Reading: Race, Gender, Tech.

Some things I read about recently…

Not being an attrition statistic

I really enjoyed reading Julie Pagano's 2016 guide to not being an attrition statistic if you're in a marginalised or under-represented group.

Lots of great harm-reduction stuff in here. Well worth a read if you're in a marginalised or under-represented group, since it might help. Definitely worth a read if you're in the majority group, since it'll help you empathise-with and help others.

Going back to the office

We spent some time on our team today talking about this NYT In Her Words article.

I thought it was striking that Julie Pagano suggested considering remote work as a harm-reduction strategy in 2016, and now we have large numbers of non-white women with a preference for staying remote.

The Battle of Bamber Bridge

A colleage shared a link to this wikipedia page. I hadn't heard about this event before, and it's one of those things that almost defies belief:

The Battle of Bamber Bridge was an outbreak of racial violence between Black and White American servicemen stationed in the British village of Bamber Bridge, Lancashire in June 1943. The incident, which occurred a few days after the 1943 Detroit race riot, was started when white Military Police (MPs) attempted to arrest several African American soldiers from the racially segregated 1511th Quartermaster Truck Regiment at the Ye Olde Hob Inn public house in Bamber Bridge.

After the arrival of more military police armed with machine guns, Black soldiers armed themselves with rifles from their base armoury. Both sides exchanged fire through the night. One Black soldier was killed and several MPs and soldiers injured. Although a court martial convicted 32 African American soldiers of mutiny and related crimes, poor leadership and racist attitudes among the MPs was blamed as the cause.

The whole page is well worth reading.

For me (a white brit), I felt like I saw two different examples of locals trying to be allies to the Black US soldiers. I think one example worked well, and the other caused great unintended harm.


The people of Bamber Bridge supported the Black troops, and when US commanders demanded a colour bar in the town, all three pubs in the town reportedly posted "Black Troops Only" signs.

Later in the article, we see that the locals and the black soldiers drank together in the pubs – so this seems to have worked.

However, once the initial violence with the MPs had kicked off:

Staff Sergeant William Byrd, who was Black, defused the situation but, as the MPs left, a beer was thrown at their jeep.

The article doesn't say whether that beer was thrown by a local or a soldier. But I find myself imagining myself into the body of one of the locals, and being tempted to throw that beer. I imagine feeling like I'm sticking up for the Black soldiers. But the ultimate outcome of the act may have been to re-trigger a confrontation that cost a lot of lives.

I think there are two key differences between these two moments:

  1. Gamble with your own chips
  2. Follow the lead of the person you're allying with

Gamble with your own chips

In the first example (putting up the "Black Troops Only" signs) is gambling only with the livelihoods of the white local publicans who put up the signs.

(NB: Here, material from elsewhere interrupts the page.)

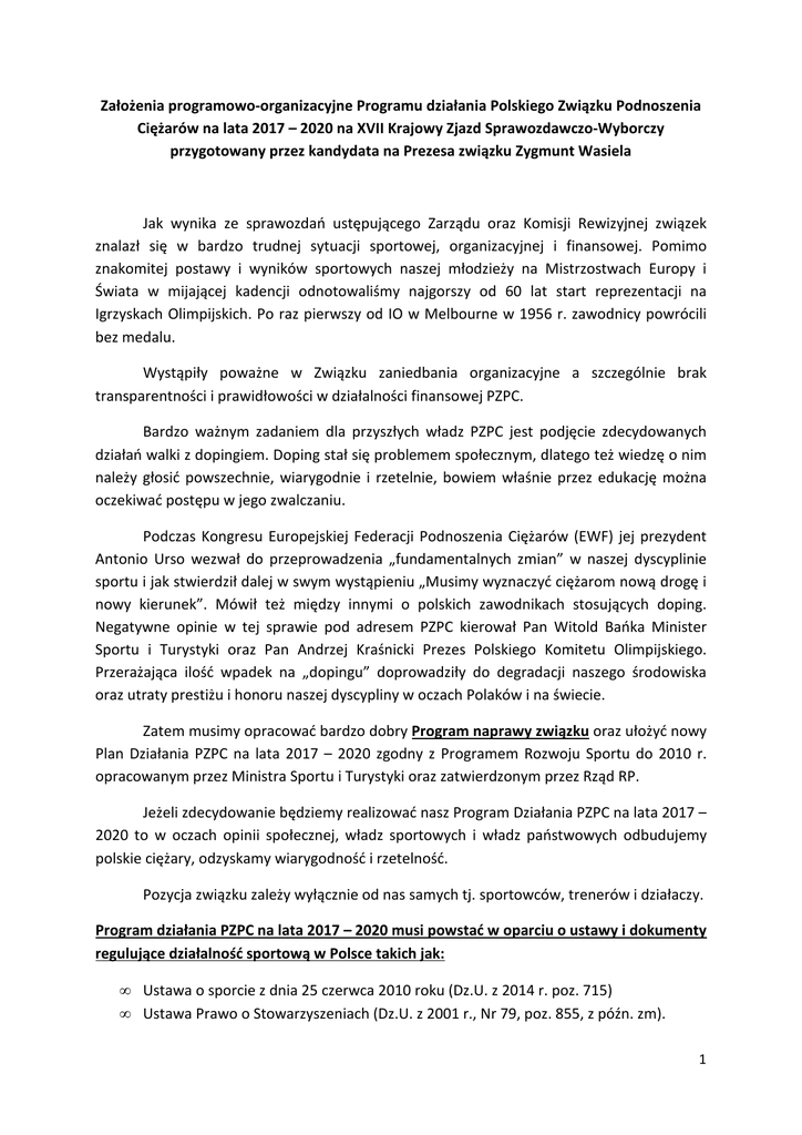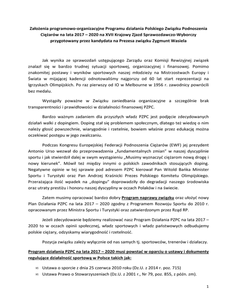 Założenia programowo-organizacyjne Programu działania Polskiego Związku Podnoszenia Ciężarów na lata 2017 – 2020 na XVII Krajowy Zjazd Sprawozdawczo-Wyborczy przygotowany przez kandydata na Prezesa związku Zygmunt Wasiela Jak wynika ze sprawozdań ustępującego Zarządu oraz Komisji Rewizyjnej związek znalazł się w bardzo trudnej sytuacji sportowej, organizacyjnej i finansowej. Pomimo znakomitej postawy i wyników sportowych naszej młodzieży na Mistrzostwach Europy i Świata w mijającej kadencji odnotowaliśmy najgorszy od 60 lat start reprezentacji na Igrzyskach Olimpijskich. Po raz pierwszy od IO w Melbourne w 1956 r. zawodnicy powrócili bez medalu. Wystąpiły poważne w Związku zaniedbania organizacyjne a szczególnie brak transparentności i prawidłowości w działalności finansowej PZPC. Bardzo ważnym zadaniem dla przyszłych władz PZPC jest podjęcie zdecydowanych działań walki z dopingiem. Doping stał się problemem społecznym, dlatego też wiedzę o nim należy głosić powszechnie, wiarygodnie i rzetelnie, bowiem właśnie przez edukację można oczekiwać postępu w jego zwalczaniu. Podczas Kongresu Europejskiej Federacji Podnoszenia Ciężarów (EWF) jej prezydent Antonio Urso wezwał do przeprowadzenia „fundamentalnych zmian” w naszej dyscyplinie sportu i jak stwierdził dalej w swym wystąpieniu „Musimy wyznaczyć ciężarom nową drogę i nowy kierunek”. Mówił też między innymi o polskich zawodnikach stosujących doping. Negatywne opinie w tej sprawie pod adresem PZPC kierował Pan Witold Bańka Minister Sportu i Turystyki oraz Pan Andrzej Kraśnicki Prezes Polskiego Komitetu Olimpijskiego. Przerażająca ilość wpadek na „dopingu” doprowadziły do degradacji naszego środowiska oraz utraty prestiżu i honoru naszej dyscypliny w oczach Polaków i na świecie. Zatem musimy opracować bardzo dobry Program naprawy związku oraz ułożyć nowy Plan Działania PZPC na lata 2017 – 2020 zgodny z Programem Rozwoju Sportu do 2010 r. opracowanym przez Ministra Sportu i Turystyki oraz zatwierdzonym przez Rząd RP. Jeżeli zdecydowanie będziemy realizować nasz Program Działania PZPC na lata 2017 – 2020 to w oczach opinii społecznej, władz sportowych i władz państwowych odbudujemy polskie ciężary, odzyskamy wiarygodność i rzetelność. Pozycja związku zależy wyłącznie od nas samych tj. sportowców, trenerów i działaczy. Program działania PZPC na lata 2017 – 2020 musi powstać w oparciu o ustawy i dokumenty regulujące działalność sportową w Polsce takich jak: • Ustawa o sporcie z dnia 25 czerwca 2010 roku (Dz.U. z 2014 r. poz. 715) • Ustawa Prawo o Stowarzyszeniach (Dz.U. z 2001 r., Nr 79, poz. 855, z późn. zm). 1 • Statut Polskiego Związku Podnoszenia Ciężarów uchwalony przez Nadzwyczajny Krajowy Zjazd Delegatów PZPC w dniu 24 marca 2012 r. • Program Rozwoju Sportu do 2020 r., który wraz z innymi ustawami wymienionymi w Programie reguluje obszar przewidzianych kierunków interwencji państwa. Program zawiera również zadania dla PZPC. • Wnioski z realizacji strategii rozwoju podnoszenia ciężarów w latach 2013 – 2016 • Przyjęte przez Krajowy Zjazd sprawozdanie z działalności związku w latach 2013 – 2016 • Decyzja nr 55 Ministra Sportu i Turystyki z dnia 5 grudnia 2016 w sprawie ogłoszenia „Program dofinansowania ze środków budżetu państwa zadań związanych z przygotowaniem zawodników kadry narodowej do udziału w IO oraz przygotowaniem i udziałem w mistrzostwach świata i Europy w sportach olimpijskich w 2017 r.”. • Sprawozdania wraz z wnioskami ustępującej Komisji Rewizyjnej PZPC za lata 20132016, Opracowanie szczegółowego Programu działania PZPC na lata 2017-2020 musi być poprzedzone: • Audytem działalności sportowej, organizacyjnej i finansowej związku za lata 20132016, • Analiza programów szkoleń poszczególnych kadr PZPC w latach 2013 – 2016 • Przeglądem kadr szkoleniowych i pracowniczych w biurze PZPC poprzez dostosowanie zatrudnienia do możliwości finansowych, • Analizą przyjętej przez b. Zarząd PZPC Strategii Rozwoju Podnoszenia Ciężarów w latach 2013 – 2016, • Szczegółową analizą podejmowanych działań przez Zarząd i Komisję PZPC związanych z walką z dopingiem w latach 2013 – 2016 Dopiero na podstawie powyższych analiz i wzniosów będzie można przystąpić do opracowania szczegółowego programu działania PZPC na lata 2017 – 2020 w poszczególnych kwestiach tj. organizacja i zarządzanie, szkolenia i finansowania podnoszenia ciężarów ze środków budżetu państwa, własnych i pozyskanych środków sponsorów. Na bazie przyjętego przez władze PZPC Programu Działania (czteroletniego i planów rocznych) będziemy mogli przystąpić do opracowania nowej Strategii Rozwoju Podnoszenia Ciężarów na lata 2017 – 2020. Plan działania i Strategia RPC są podstawowymi dokumentami umożliwiającymi o ubieganie się o wsparcie finansowe poprzez złożenie stosownych ofert w Ministerstwie Sportu i Turystyki z budżetu i Funduszu Rozwoju Kultury Fizycznej. W ramach przedstawionych powyżej dokumentów i opracowań należy: 2 Koncepcję szkoleń kadr PZPC w cyklu olimpijskim 2017 – 2020 określają: • Perspektywę dalszego rozwoju wyników sportowych w podnoszeniu ciężarów kobiet i mężczyzn, • Wdrożenie nowej sportowej koncepcji szkolenia, • Naborów i selekcja do reprezentacji w oparciu o zawodników młodych, uwzględniając takie czynniki jak budowa ciała, psychikę, specjalną sprawność fizyczną i techniczną, • Wspomaganie i odnowa – ta część planu zostanie opracowana razem z lekarzem kadry narodowej, ściśle współpracując z (reaktywowaną) Komisją Lekarską PZPC, Centralnym Ośrodkiem Medycyny Sportowej (COMS) i Instytutem Sportu (IS), • Dokumentacja i kontrola procesu szkolenia jako istotny element oceny efektów pracy treningowej celem wypracowania optymalnego modelu dla pos

The second one (anonymously throwing a beer at armed MPs) is drawing a line between "you", the MPs, and "us", the locals and black soldiers. In doing so, it gambles with the lives of the soldiers.

I could imagine being a local anonymous beer thrower saying to my mates "What are they going to do? Shoot us?" But the problem is that the MPs didn't see a unified "us" that consists of the locals and the black soldiers. They saw two distinct "them" groups, one of which they were absolutely allowed to shoot.

Follow the lead

This time with some of my own emphasis, wikipedia says:

Staff Sergeant William Byrd, who was Black, defused the situation but, as the MPs left, a beer was thrown at their jeep.

If I was a white local, and chose to throw that beer "in support" of my new Black Soldier friends, then I've missed an important signal. It was a Black Soldier who defused the situation – de-escalating it. I just changed tack, and started escalating again. I should have been paying attention to how my new friends were handling the situation, and following their lead.